▸ **Work item**:
Only what runs from the line with "Pela 497931 on" to the end of the data should appear in the answer, exactly as written and without pictures.
Information shown section start
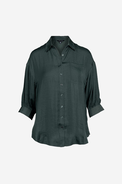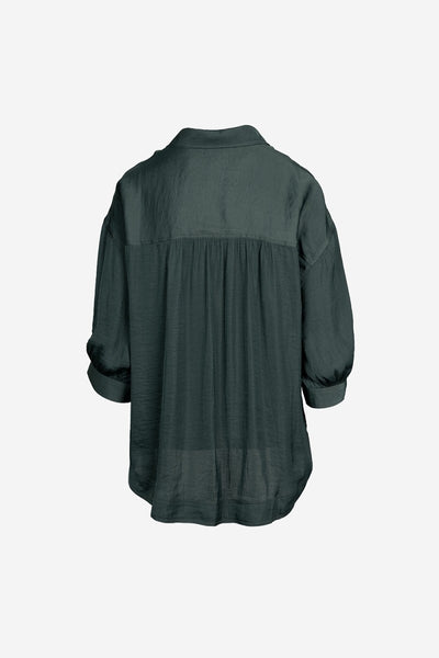 Naked Zebra - Oversized Long Sleeve Button Up Blouse - Forest Green
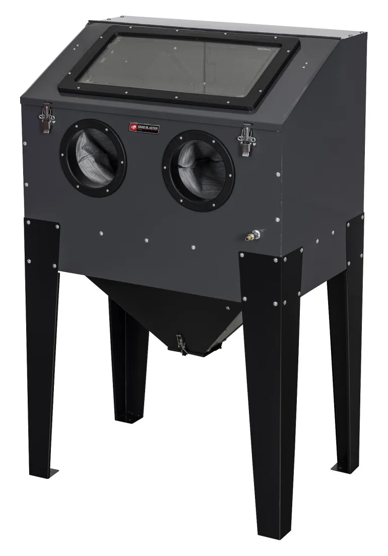 Pela 497931 on lattiatasoinen hiekkapuhalluskaappi, joka toimitetaan täydellisenä käsineiden, sisävalaistuksen, työpöydän, hiekkapuhalluspistoolin ja viiden suojakalvon (suojaikkunalle) kanssa.
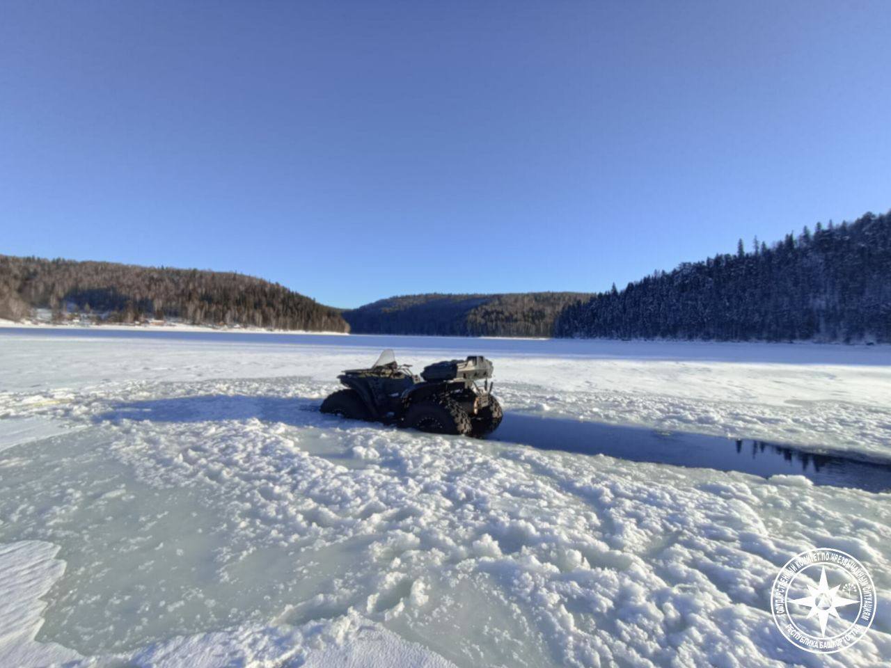 ❄️Сегодня в Караидельском районе, недалеко от деревни Байряшка, произошел инцидент, который мог закончиться плачевно. Четыре человека — трое мужчин и подросток — выехали на лед Павловского водохранилища на снегоходе и квадроцикле.
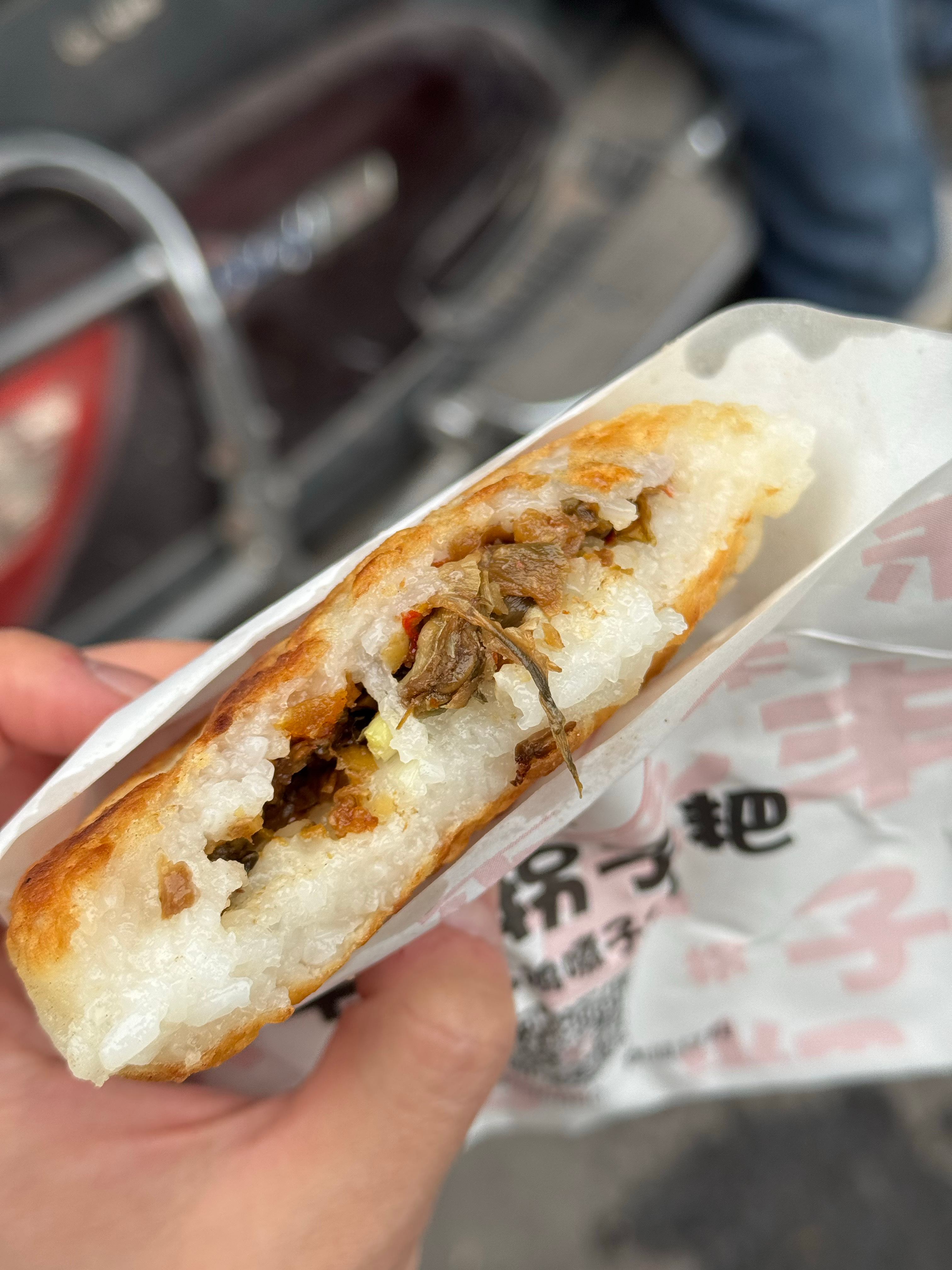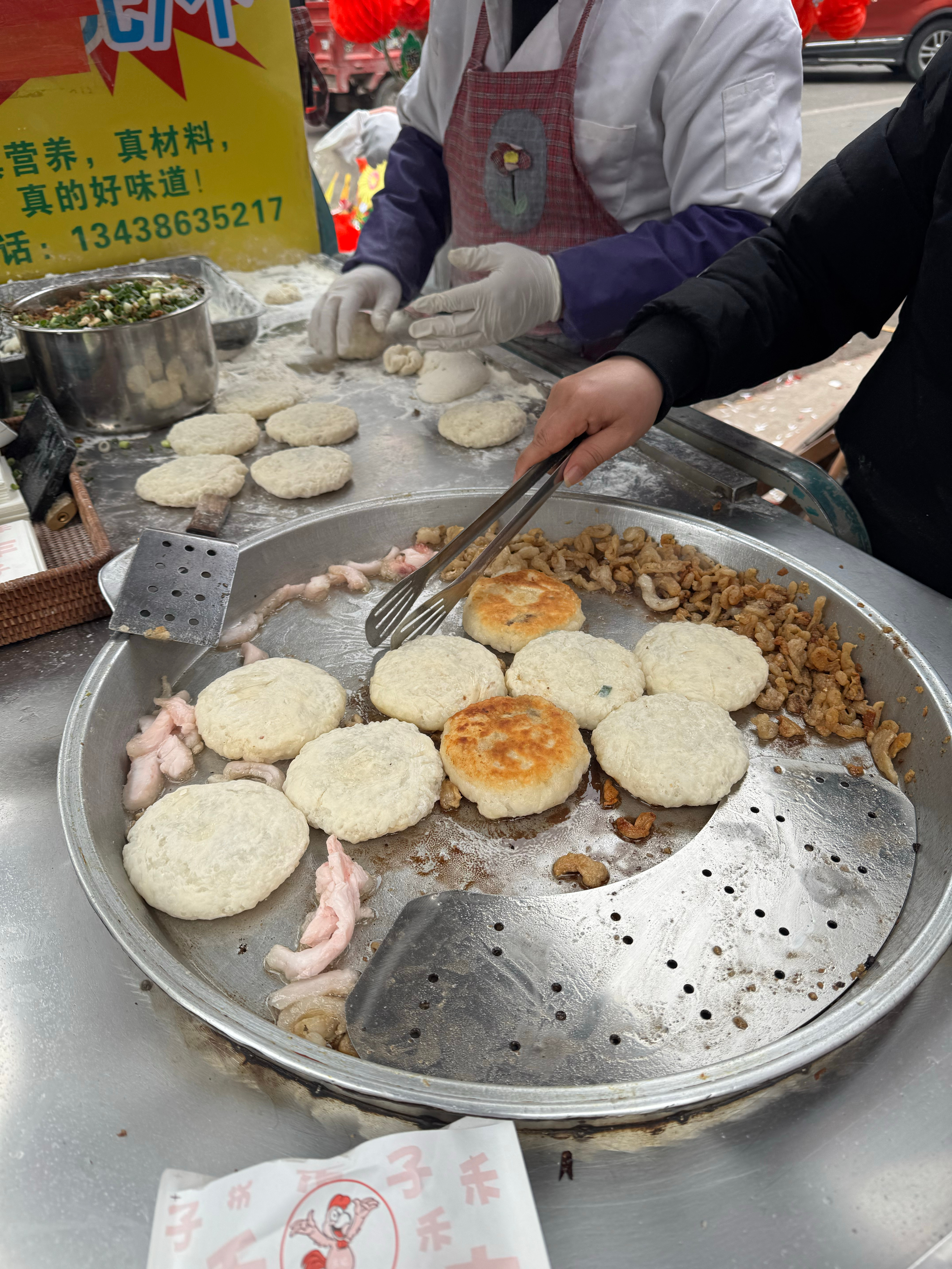 以前只是一个街边小炉子,1.5元一个,薄薄的糯米里面夹一点咸菜,简约但是很不一样,现在已经成大摊了,还有了专属名字拐子耙,加厚加大4元一个,但是却不是小时候的味道了川川逛吃日常
Information shown section end
▸ **Answer box**:
 Pela 497931 on lattiatasoinen hiekkapuhalluskaappi, joka toimitetaan täydellisenä käsineiden, sisävalaistuksen, työpöydän, hiekkapuhalluspistoolin ja viiden suojakalvon (suojaikkunalle) kanssa.
 ❄️Сегодня в Караидельском районе, недалеко от деревни Байряшка, произошел инцидент, который мог закончиться плачевно. Четыре человека — трое мужчин и подросток — выехали на лед Павловского водохранилища на снегоходе и квадроцикле.
 以前只是一个街边小炉子,1.5元一个,薄薄的糯米里面夹一点咸菜,简约但是很不一样,现在已经成大摊了,还有了专属名字拐子耙,加厚加大4元一个,但是却不是小时候的味道了川川逛吃日常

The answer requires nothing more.